26 618 Arizona Diamondbacks Jordan Meaker RHP Dallas Baptist Texas
Righthander Jordan Meaker was an Astros ninth-round pick out of high school in 2005, but scouts say his delivery has a lot more effort and recoil than it did three years ago. Still, someone might buy into his 6-foot-6, 220-pound frame and a fastball that has good run and sink and tops out at 93 mph. His curveball is slurvy.
27 619 Los Angeles Angels Beau Brooks C Troy Ala.
28 620 New York Yankees Pat Venditte RHP/LHP Creighton Neb.
Switch-pitcher Pat Venditte couldn't match his 43 2/3-inning scoreless streak and 1.88 ERA from 2007, but he still had an amazing season nonetheless. Venditte appeared in 37 of Creighton's 58 games, leading he team in wins (nine) and saves (seven) while posting a 101-21 K-BB ratio in 86 innings. The former walk-on has thrown ambidextrously since he was 3, and he recorded a strikeout with each arm 17 different times this year. Scouts consider him more of a novelty than a true prospect, as his stuff is ordinary from both sides. As a righthander, he works with an upper-80s fastball and a curveball, slider and changeup. As a lefty, he drops his arm angle and utilizes a low-80s fastball and a slow, sweepy breaking ball. The Yankees drafted him in the 45th round last year, and someone will take him as a senior sign in the middle rounds this time.
29 621 Cleveland Indians Marty Popham RHP Union (Ky.) Ky.
30 622 Boston Red Sox Alex Meyer RHP Greensburg (Ind.) HS Ind.
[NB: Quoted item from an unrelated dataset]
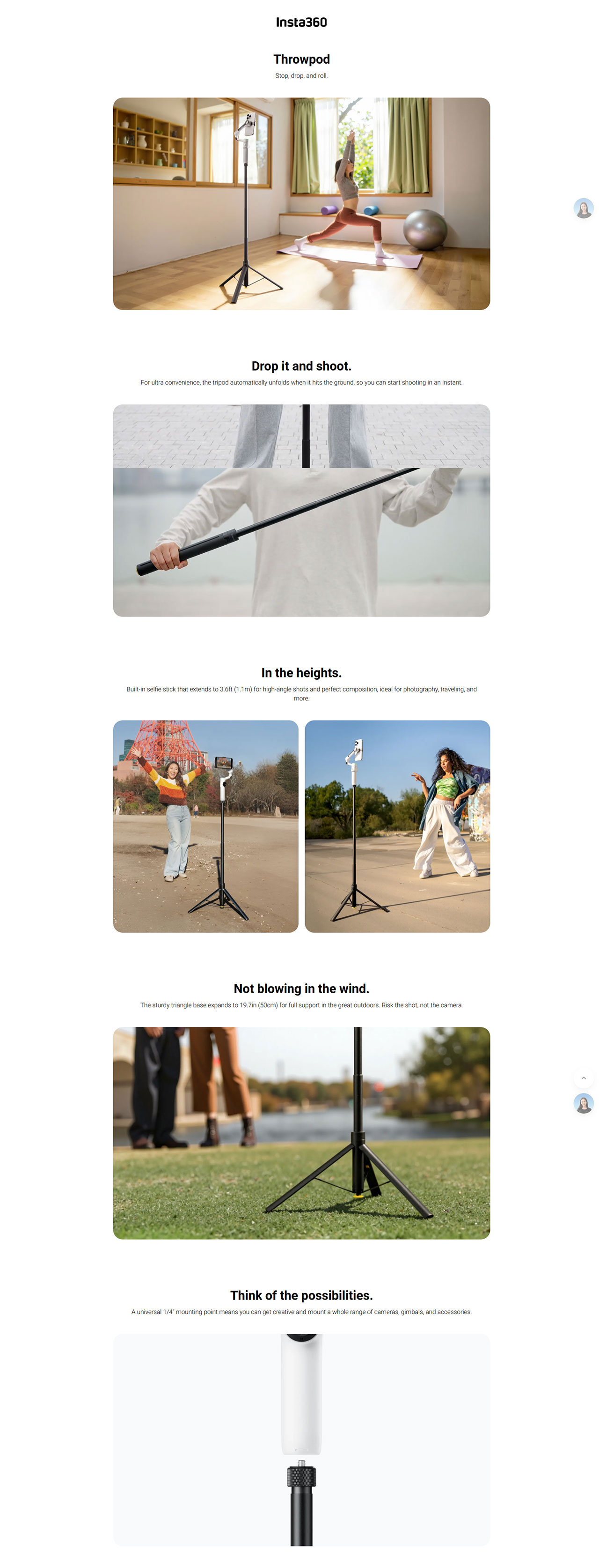 - The legs automatically unfold when the tripod hits the ground for quick, easy use. Simply drop and shoot.
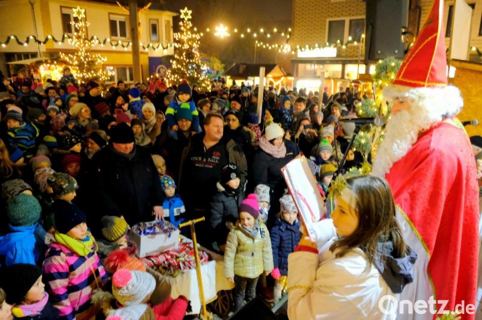 Lag es am Wetter, das zwar ohne Schnee, aber dafür mit erträglichen Temperaturen die Eröffnung begleitete? Oder sollte es das eine oder andere Schnäppchen sein, das zum Besuch am Vormittag relativ viele Schwarzenfelder auf den Platz am Kreuz einlud? Verhalten, wie immer, war der Andrang dann während der Mittagszeit, so dass für die 17 Standlbetreiber bis etwa 15 Uhr Stillstand in der Kasse angesagt war. Durch die Klänge des Nachwuchsorchesters und folgend durch die Formation des evangelischen Posaunenchors kam vorweihnachtliche Atmosphäre auf den festlich geschmückten Platz. Höhepunkt war der Besuch des Nikolaus' mit Engeln und Knecht Rupprecht.

Meyer created a huge stir at the Perfect Game National showcase last summer. He hadn't planned on attending the event, but his summer team was already in Cincinnati so he stopped by to pitch two innings. Meyer threw his fastball from 92-95 mph, and his hard breaking ball was even nastier. Just like that, he was tabbed as a potential first-rounder for the 2008 draft. This spring, Meyer has continued to show the talent to go in the bottom of the first round, but clubs don't think he'll sign even if he does go that high. He's advised by the Scott Boras Corp., and seems destined to attend Kentucky, so it's unlikely a team will gamble a premium draft choice on him. Meyer throws his pitches on a steep downward plane, thanks to his 6-foot-7, 200-pound frame. Unlike many big pitchers, he doesn't have much difficulty keeping his mechanics in sync and repeating his delivery, the result of the athleticism that makes him an all-conference center for his high school basketball team. If Meyer does opt for the Wildcats over pro ball, it's easy to envision him in the mix for the No. 1 overall pick in 2011.